Plan: | Kavel Rieslinggaard |
---|---|
Status: | vastgesteld |
Plantype: | bestemmingsplan |
IMRO-idn: | NL.IMRO.0632.KavelRieslinggaard-bVA1 |
plan:
het bestemmingsplan "Kavel Rieslinggaard" van de gemeente Woerden.
bestemmingsplan:
de geometrisch bepaalde planobjecten als vervat in het GML-bestand NL.IMRO.0632.KavelRieslinggaard-bVA1 met de bijbehorende regels (en eventuele bijlagen).
aanduiding:
een geometrisch bepaald vlak of figuur, waarmee gronden zijn aangeduid, waar ingevolge de regels regels worden gesteld ten aanzien van het gebruik en/of het bebouwen van deze gronden.
aanduidingsgrens:
de grens van een aanduiding indien het een vlak betreft.
bebouwing:
één of meer gebouwen en/of bouwwerken, geen gebouwen zijnde.

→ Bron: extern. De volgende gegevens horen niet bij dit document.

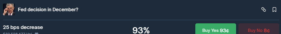 前述の通り、執筆時点でビットコインは$93,000を上回る水準を維持しており、これは主に、今後開催される連邦公開市場委員会((FOMC))の会合で再度利下げが実施されるとの楽観的な見方が後押ししています。実際、暗号資産ベースの予測プラットフォームによれば、トレーダーは93%の確率で利下げが行われると考えています。

bedrijfsmatige activiteiten:
het bedrijfsmatig verlenen van diensten - geen zakelijke dienstverlening of een seksinrichting zijnde - en ambachtelijke bedrijvigheden, geheel of overwegend door middel van handwerk, waarbij de aard (qua milieu-planologische hinder) en omvang van de bedrijfsactiviteiten in een woning kunnen worden uitgeoefend en de activiteiten geen onevenredige afbreuk doen aan het woon- en leefmilieu in de directe omgeving.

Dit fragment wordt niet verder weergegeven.